🤖 AI Summary
This work addresses the challenge of jointly optimizing fairness and accuracy in NLP, where these objectives often conflict. We propose Controllable Pareto Tuning (CPT), a multi-objective optimization framework enabling users to steer the fairness–accuracy trade-off via customizable preference reference vectors. CPT stabilizes gradient updates through gradient moving averaging and introduces a critical-parameter gradient pruning mechanism to enhance fidelity to user-specified preferences—enabling, for the first time, interpretable and customizable navigation of the Pareto frontier. Evaluated on hate speech detection and occupation classification, CPT yields solution sets with broader coverage and more uniform distribution along the Pareto front, while strictly adhering to user-defined fairness–accuracy ratios. It consistently outperforms existing multi-objective optimization (MOO) baselines in both objective attainment and preference alignment.
📝 Abstract
The fairness-accuracy trade-off is a key challenge in NLP tasks. Current work focuses on finding a single "optimal" solution to balance the two objectives, which is limited considering the diverse solutions on the Pareto front. This work intends to provide controllable trade-offs according to the user's preference of the two objectives, which is defined as a reference vector. To achieve this goal, we apply multi-objective optimization (MOO), which can find solutions from various regions of the Pareto front.
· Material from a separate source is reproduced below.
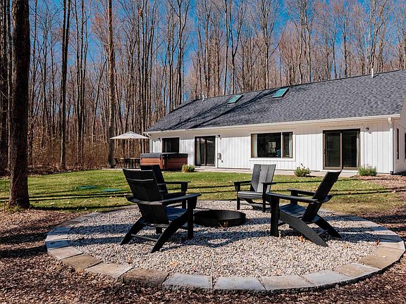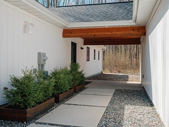 Impeccably built custom home, completed in 2022, ideally situated in a private, peaceful setting halfway between the charming villages of Lake Ann & Interlochen. Option to purchase fully furnished for move-in ready enjoyment or use as turn key rental. Radiant in-floor heat provides an extra level of comfort & energy efficiency. Surrounded by mature trees & thoughtful landscaping, this turnkey home offers a rare combination of quality, comfort, & style. Inside, you’ll find 1,512 sqft of well-designed living space, where every detail has been meticulously crafted. Both spacious bedrooms are en suite & feature Pella sliding glass doors that open to the serene backyard, offering seamless indoor-outdoor living. The heart of the home is a stunning kitchen with custom frameless European-style cabinetry (dark brown Eucalyptus Egger veneer with finished undersides & maple interiors, solid maple dovetailed drawers, heavy-duty Blum drawer slides & soft-close hinges) accented with modern Danish pulls. Spacious quartz countertops & high-end stainless steel appliances - including a Bosch 800 series gas range, ultra-quiet Bosch dishwasher & French Door LG refrigerator - complete the chef’s kitchen. Step outside & enjoy a beautifully designed outdoor oasis. The concrete patio spans the entire length of the home, perfect for entertaining or quiet relaxation. A stone fire pit & mature trees frame the backyard, which comes alive with color in the fall. The entryway, with its patinated steel planter boxes & stone-lined paths, sets a welcoming tone the moment you arrive. Enjoy dining & grocery options in both Lake Ann & Interlochen. Just over 1 mile from Lake Dubonnet State Forest & all its outdoor recreation opportunities (hiking, mountain biking, fishing, paddleboarding, boating). Golf, snowshoeing & cross-country skiing only 5 minutes away. Close to award-winning golf at Arcadia Bluffs & skiing at Crystal Mountain.

However, it is challenging to precisely control the trade-off due to the stochasticity of the training process and the high dimentional gradient vectors. Thus, we propose Controllable Pareto Trade-off (CPT) that can effectively train models to perform different trade-offs according to users' preferences. CPT 1) stabilizes the fairness update with a moving average of stochastic gradients to determine the update direction, and 2) prunes the gradients by only keeping the gradients of the critical parameters. We evaluate CPT on hate speech detection and occupation classification tasks. Experiments show that CPT can achieve a higher-quality set of solutions on the Pareto front than the baseline methods. It also exhibits better controllability and can precisely follow the human-defined reference vectors.